Saturday, April 21, 2012

Thinking about Words


I was considering Our Lord’s use of the Greek word kalos instead of agathos for “I am the Good Shepherd.” Both words mean good. But agathos is more typical of that which is intrinsically, morally good. When Our Lord says, “No one is good by God” He uses agathos. Kalos is more typical of that which is fit for its purpose. A good hammer is a hammer that hammers well. So Jesus is the Fit or Beautiful Shepherd.

That got me to considering the word good in English. I went to Dictionary.com. As usual, I was delighted to find so many entries. If you don’t read the dictionary for fun, you are missing out. Good is such a common word that we rarely give it much consideration. I don’t think I’ve ever looked it up before and I should have.

That got me thinking about how the word is typically used. A good dog, or a good boy for that matter, is one which is obedient. A good mood is a happy mood. A good hamburger is tasty but that is because it is good at being a hamburger. A hamburger that takes like prime rib is not a good hamburger even if it is delicious.

Then I thought of how often single mothers tell me their children’s father is a “good dad.” I am positive that there are fathers who have been separated from their children’s mothers who work hard to provide for, discipline, and teach their children. But when the mothers tell me, his father is a good dad, it almost never true. “Good dad” ought not to mean “good at impregnating.” Nor should it mean “good at playing with children on rare occasions” or “good at enjoying childish cuteness when it is convenient.” It ought to mean good at providing for, disciplining, and teaching children.

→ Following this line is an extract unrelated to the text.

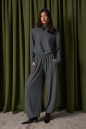 Джемпер укороченный прямого свободного кроя. Выполнен из мягкого трикотажа светло-серого цвета. Горловина-стойка, в естественную складку. Есть подплечники (съёмные). Длина рукава от линии втачивания 61 см. Длина спинки 50 см

And then I considered the new term I heard for the first time within the last year: “baby daddy.” A “baby daddy” is how a single mom refers to a man who impregnated her but with whom she had no real or lasting relationship. He isn’t her ex-husband. He may not even be an ex-boyfriend. When I first heard this I was shocked. What culture in the history of the world needed a word to describe this unique relationship between a man and a woman ? I think we are the first. Before the advent of “baby daddy” the closest words we had to this were “rapist” or “John” as in, customer of a prostitute.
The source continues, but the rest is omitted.